Mario Vargas Llosa’s great loves: His aunt Julia, his cousin Patricia, and socialite Isabel Preysler The Nobel Prize winner had a romantic life worthy of a novel. He married a relative 12 years his senior, then left her for another one. In 2015, he began a high-profile relationship with a star of gossip magazines The brief and stormy marriage of Ernesto Vargas and Dora Llosa left a lasting mark on their only son, Mario Vargas Llosa .

The writer’s parents separated five and a half months after their marriage, before the child was even born. Little Mario grew up with his maternal family, believing his father was dead. Much later, when he already had gray hair, the Nobel Prize winner understood the reason for his parents’ failed marriage: resentment and social complex.
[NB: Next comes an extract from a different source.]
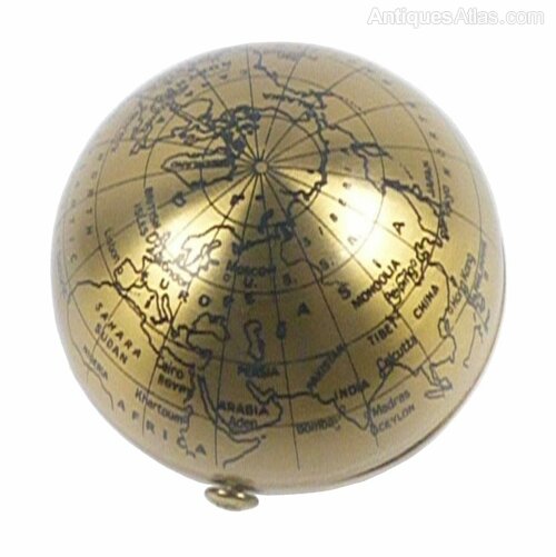 This highly collectible vintage Kigu novelty powder compact crafted to look like a world globe.The exterior surface of this beautiful and iconic vintage vanity has a gloriously glossy appearance.
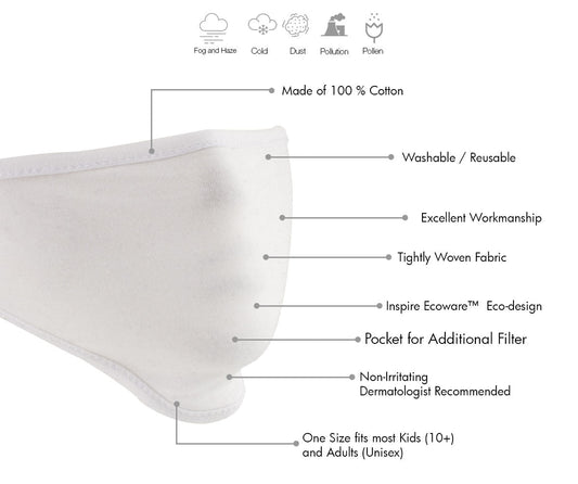 Milwaukee Leather (Multi-Pack) MP7924FM 'Solid White' 100 % Cotton Protective Face Mask with Optional Filter Pocket

“Because Ernesto Vargas, despite his white skin, his light eyes, and his handsome figure, belonged — or felt that he belonged, which is the same thing — to a family socially inferior to that of his wife,” he revealed in his memoirs, A Fish in the Water , published in 1993. Given this background, it’s no surprise that Vargas Llosa sought love within his own family. In 1955, at the age of 19, he met Julia Urquidi, the sister of his aunt Olga, whom he had known since childhood.

“Aunt” Julia, as he called her, was 12 years older than him, had recently divorced, and was visiting Lima to spend a few weeks on vacation with her family. The writer, who was in his third year of university, fell in love w.